Si riscosse dai suoi pensieri non appena vide la macchina della principessa avvicinarsi. Le andò incontro e la guardò, mentre, con la solita indifferenza, scendeva dall’auto.
-Come stai?- le chiese subito il ragazzo.
-Benissimo, non vedo come dovrei stare.- rispose lei acidamente.
-Catherine, smettila di trattarmi come se fossi un cretino. Ti conosco meglio di chiunque altro in questo posto e sai che a te ci tengo.-
-Non dire stronzate.- lo zittì.
-Sai che è la verità, non mi avresti chiesto di incontrarci altrimenti.- E in quel momento la principessa realizzò che Mike aveva ragione: lo reputava qualcuno di vicino, la cosa più simile al voler bene che conoscesse.
-E allora perché mi hai lasciata dicendomi di non poter stare con me? Ti facevo tanto schifo? Però non ti eri fatto scrupoli a scoparmi!- Nonostante tutto, però, era anche colui che era riuscito a farle più male.
-Lo sai il perché.- le disse.
-No, non lo so. Altrimenti non te lo direi.-
-Catherine, tu stavi con Jason. Volevi lui, non me. Era lui quello che presentavi a tutti come il tuo ragazzo, mentre io ero costretto a starmene nascosto. Era una situazione di merda… Ed ero geloso.- ammise il ragazzo.
-E te ne sei andato per questo?- domandò la principessa.
-Me ne sono andato perché non sopportavo più Rushwood e tutto quello che vivere qui comporta. Anche il tipo di relazione che avevamo.-
Per la prima volta da quando era bambina, Catherine si sentì in colpa. Non tanto per essere stata una delle cause della partenza di Mike, quanto per non essere riuscita a capire quanto lui ci tenesse a lei e per non aver visto tutto il male che era riuscita a creare.

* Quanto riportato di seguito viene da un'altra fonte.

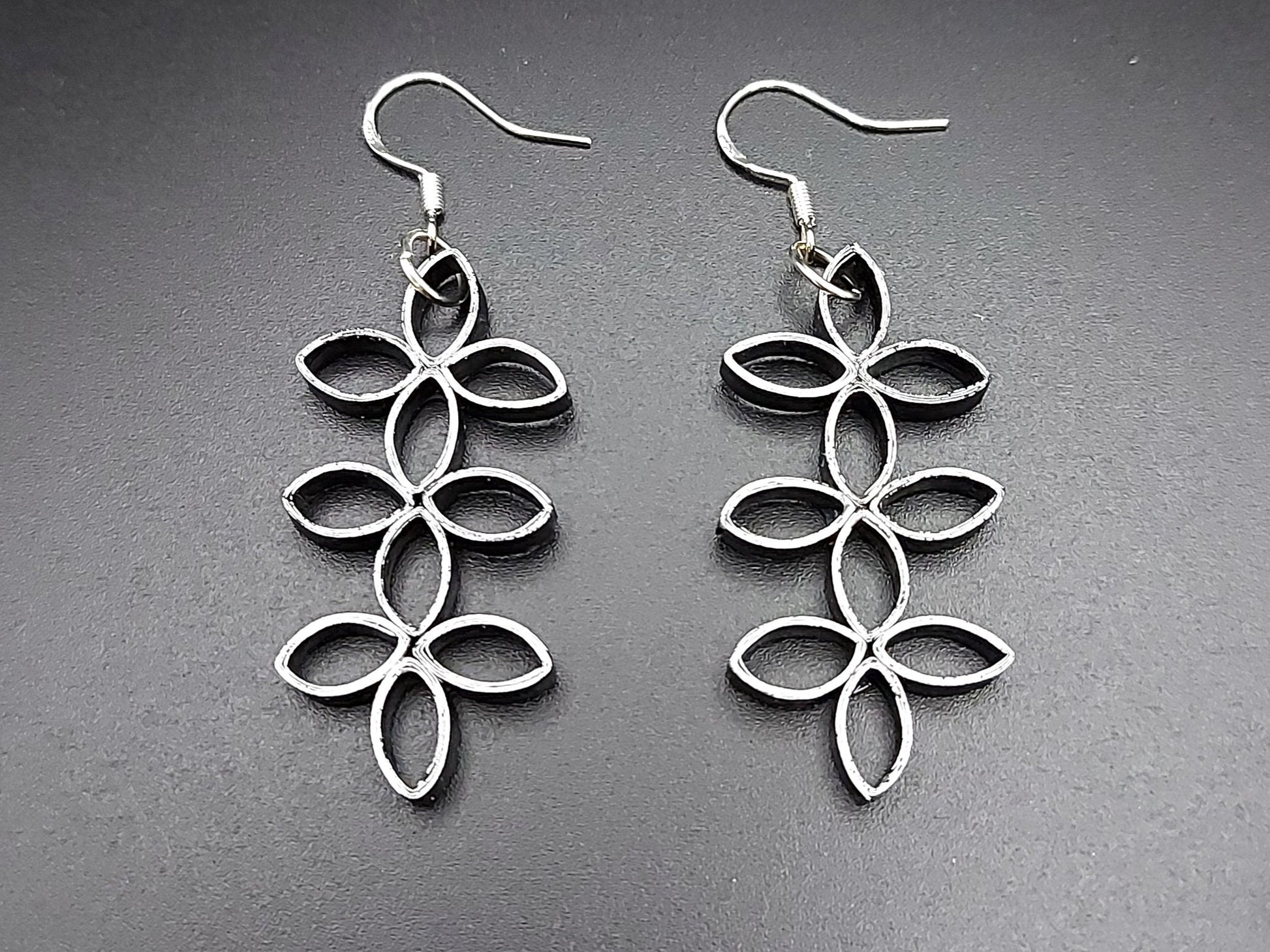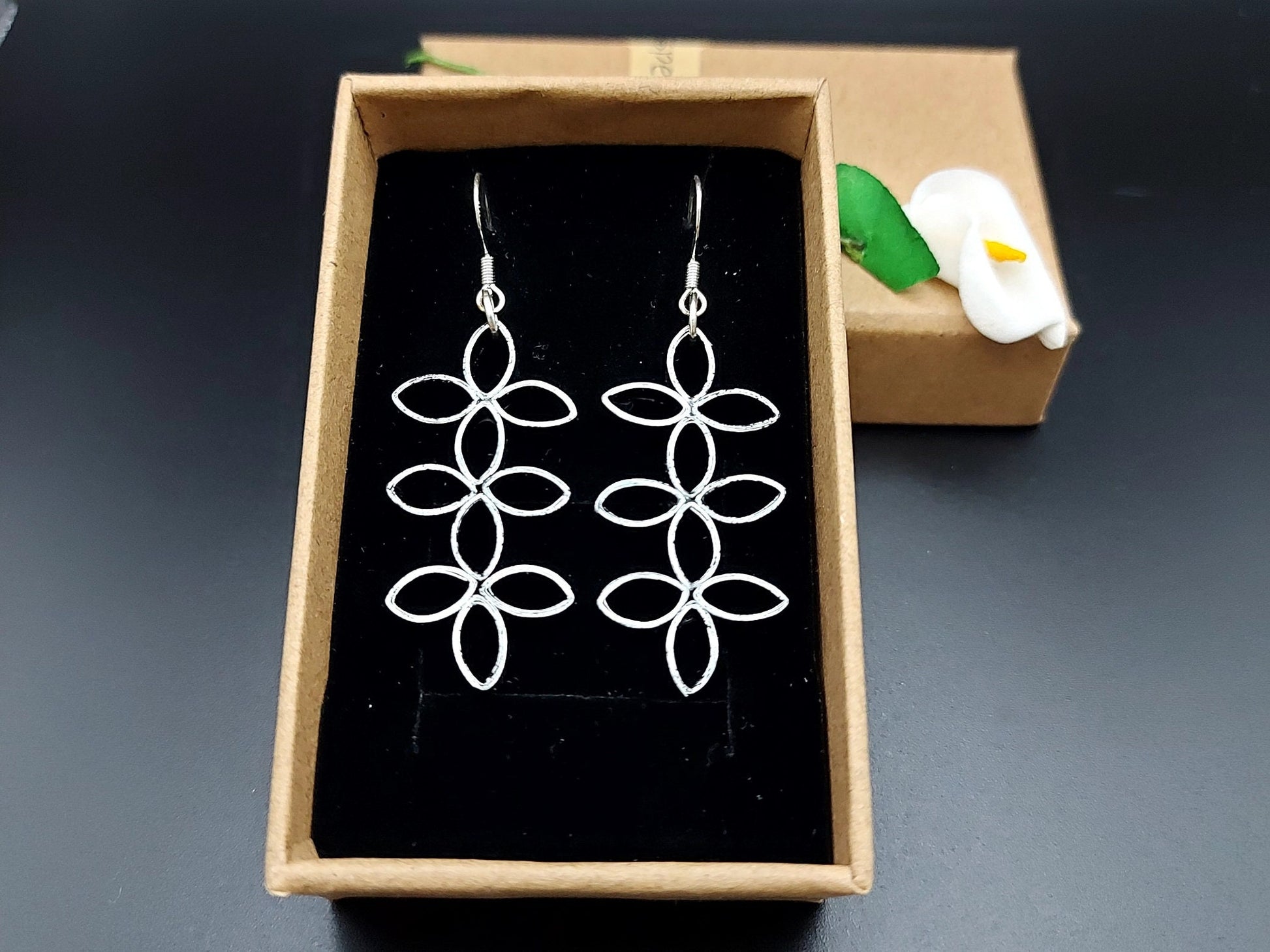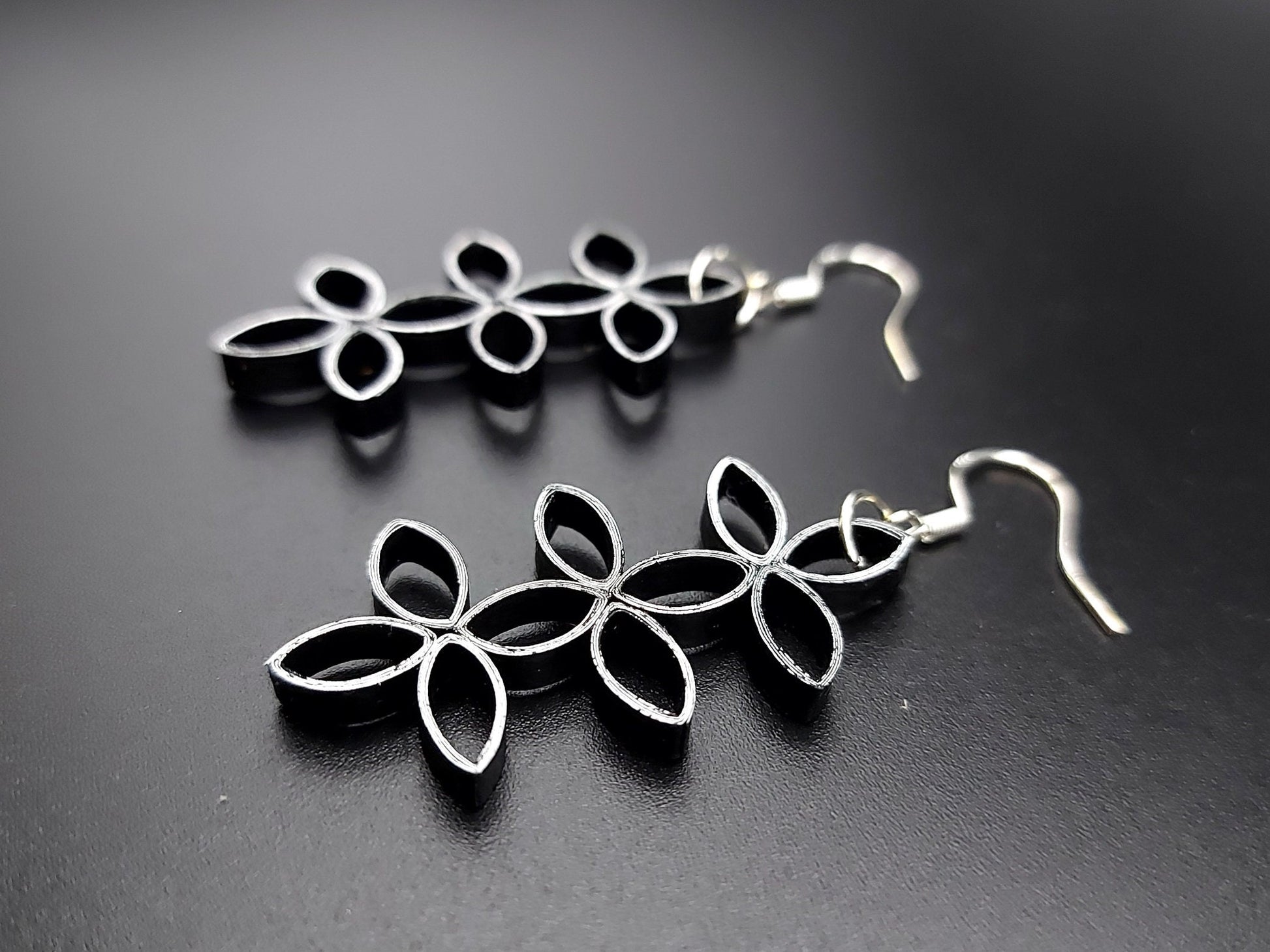 These beautiful hand crafted earrings are made from 1/8" thick quilling paper strips. Two variations are available: gold and gold edged black colors or gold and purple colors. They are attached to hypo-allergenic silver plated earring hooks.
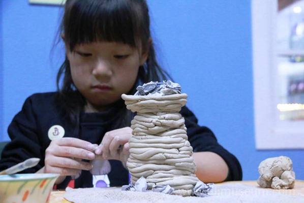 然后,孩子们回到课堂上,老师先展示模型,并讲解其制作原理,随后让每个小朋友在家长的协助下进行制作。先把黏土压制成一个均匀的圆泥饼,作为器物的底部。接下来把黏土搓成细条,沿着泥饼的边缘一层一层向上垒筑,一直垒到所需要的高度。然后检查其缝隙,用黏土涂抹缝隙,将其封堵。基本型状完成后可用工具刻划、压制出表面花纹并完善器物肌理。这样,一件古朴风格的陶器泥坯就制作完成了。之后的几天里,它还需要干燥后再经过1300度高温的烧制才能成为可使用的陶器。
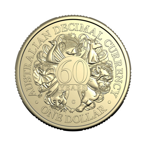 This engaging four-coin set celebrates sixty years of Australian decimal currency. Elements from all eight standard circulating coins released by the Royal Australian Mint since 1966 have been skillfully combined in the reverse design on all four coins. While the packaging graphics celebrates the Australia's historic Changeover Day on 14 February 1966.
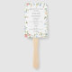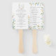 The front displays your ceremony details beneath a coordinating floral monogram crest, while the back features the full wedding party lineup framed by matching blooms for a beautifully cohesive presentation. Designed as a handheld fan with a wooden handle, it’s perfect for outdoor ceremonies, summer weddings, garden venues, and warm-weather celebrations.
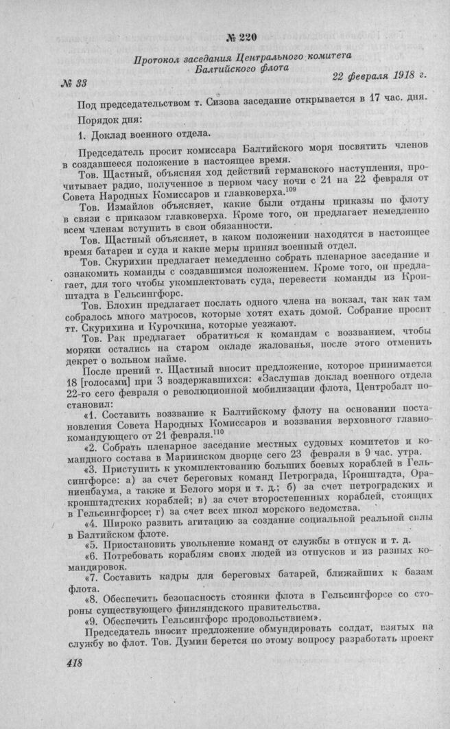 Протокол заседания Центрального комитета Балтийского флота № 33. 22 февраля 1918 г. // ЦГАВМФ, ф. р.-95, д. 160, л. 53. Ротаторн. экз.
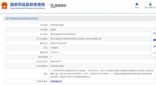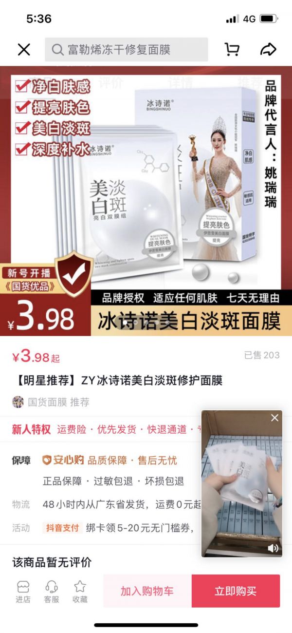 在抖音直播间,不乏这种超低价的明星美妆单品。青眼注意到,在一家名为国货面膜直播间,售卖的一款3.98元一盒(5片)ZY冰诗诺美白淡斑修护面膜,该产品宣称具有美白、淡化色斑等功效并取得了特殊用途化妆品行政许可证,批准文号为国妆特字号G20150845,生产企业为佛山市南海区里水从容化妆品厂。但青眼查询国产特殊化妆品注册信息发现,该批准文号对应的产品名称是伊思雪美白面膜。根据我国特殊用途化妆品“一品一证”的规定,这种行为涉嫌违规。
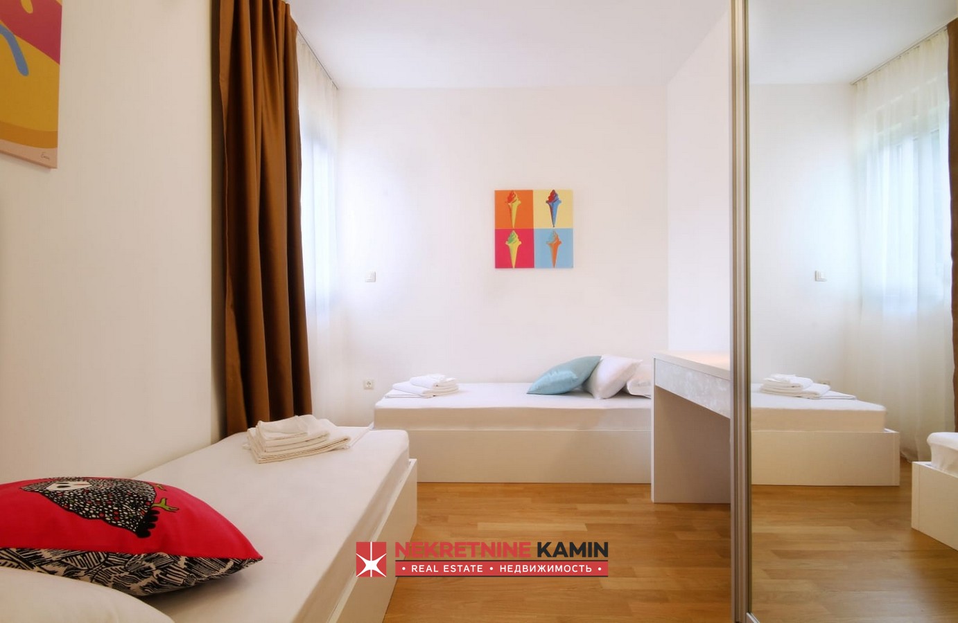 Ovaj stan je idealan za porodicu sa dvoje djece ili dva para, a kapacitet mu je do četiri osobe.
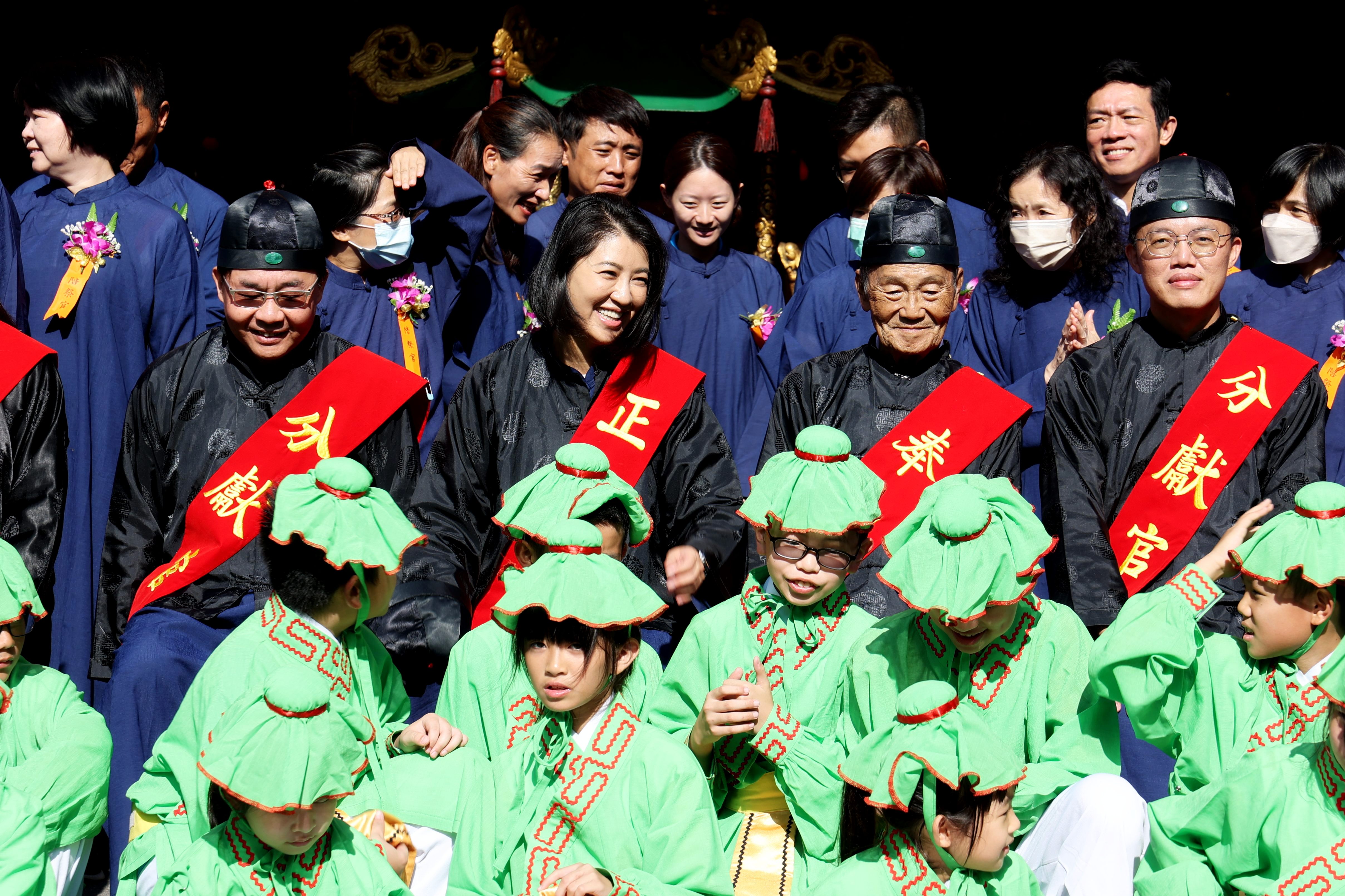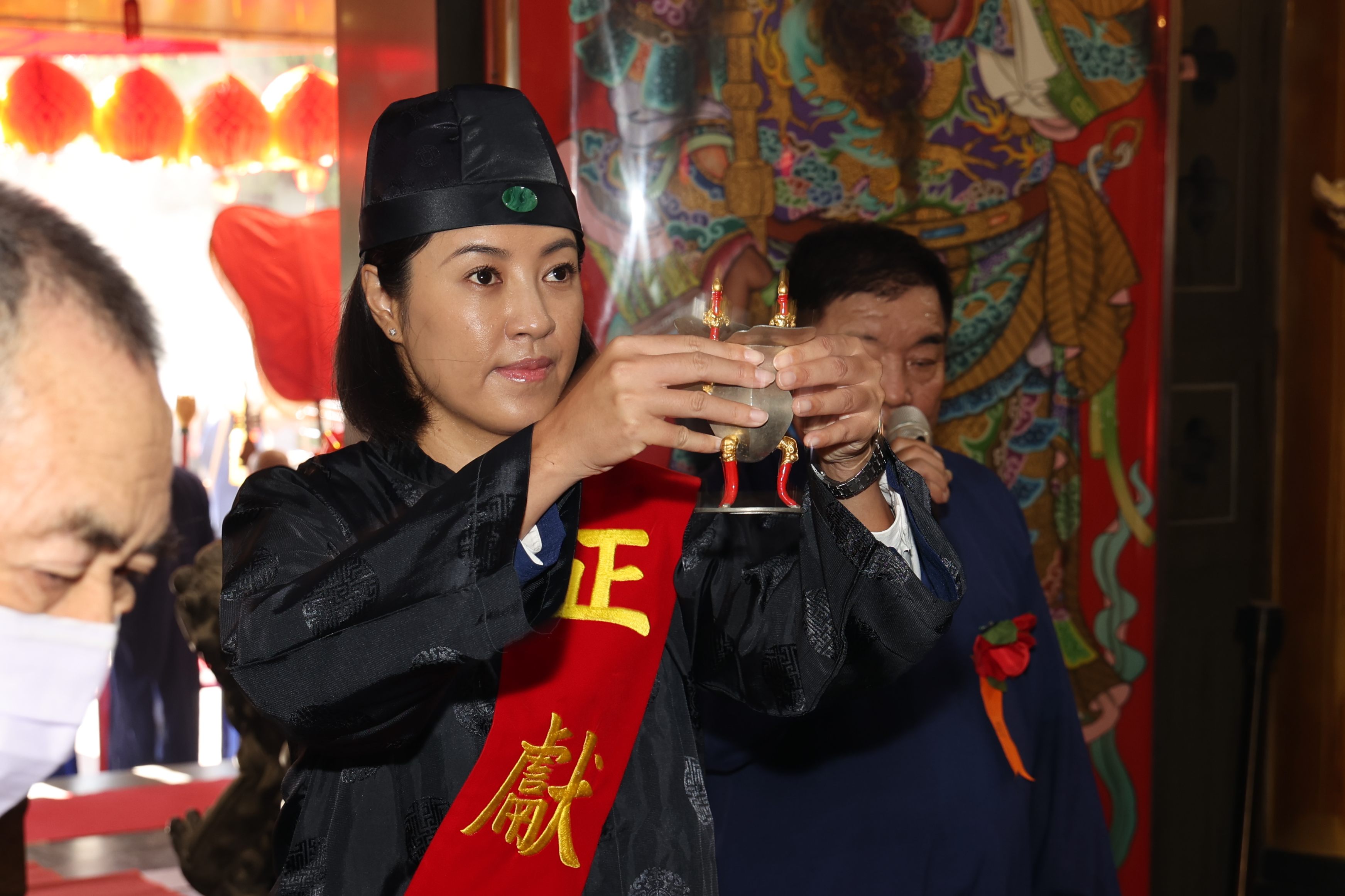 許縣長指出,今天欣逢關聖帝君1864週年誕辰,為追思先賢及弘揚武聖關公忠孝節義精神,在惠德宮董事會及全縣各界合力下,舉行盛大的三獻釋奠大典來向武聖關公賀壽,這項祭典遵循古儀,發揮了傳承祭典教化人心的真諦,舉凡鐘鼓聲、六佾舞的奏演,希望都能讓參加民眾,不忘先賢之德,牢記古禮儀典,她特別向關聖帝君祈求,庇佑南投縣闔境風調雨順、社會祥和安康、國奉民安。
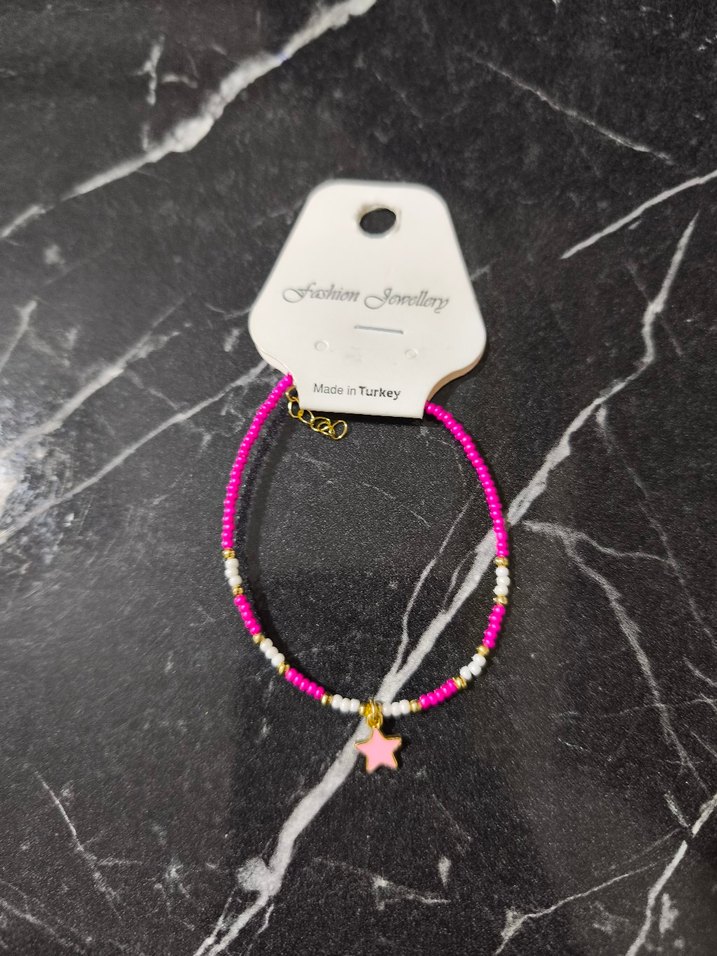 Pembe boncuklardan oluşan, pembe yıldız figürlü kız çocuk/kadın bileklik. Günlük kullanıma uygun.Takasa açığım. İstenirse indirim yapabilirim.
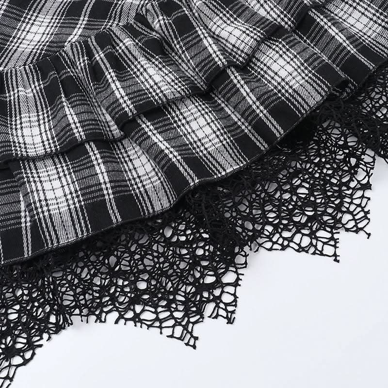 Plaid ruched hollow out buckle A line cut out mini skirt

Lei amava Mike, lo aveva sempre amato, anche quando stava con Jason, anche quando affermava il contrario, anche quando lo allontanava in tutti i modi possibili. Ma non poteva dirglielo, lei era Catherine Hudson.
Fece, quindi, l’unica cosa che le riusciva bene.
Si avvicinò al volto del ragazzo e lo prese tra le mani, poi lo baciò. Prima lentamente, quasi come se volesse renderlo cosciente di quello che sarebbe successo, poi, quando lui arpionò i suoi fianchi con le mani, il bacio si fece più profondo. Le loro lingue giocavano, si rincorrevano, tornavano a cercarsi dopo un anno. Catherine infilò le mani tra i capelli di Mike e lo tirò più vicino, mentre lui la prendeva in braccio per poggiarla a sedere sull’auto.
Nessuno dei due si chiese fino a dove si sarebbero spinti, in fondo non importava. O, forse, erano sicuri di non volersi fermare. Non più, almeno.
Erano distanti per un anno, una catastrofe era alle porte e le loro vite stavano per cambiare radicalmente, cosa avrebbe potuto impedirgli di amarsi?
Cosa avrebbe potuto impedirgli di amarsi, se non un disastro?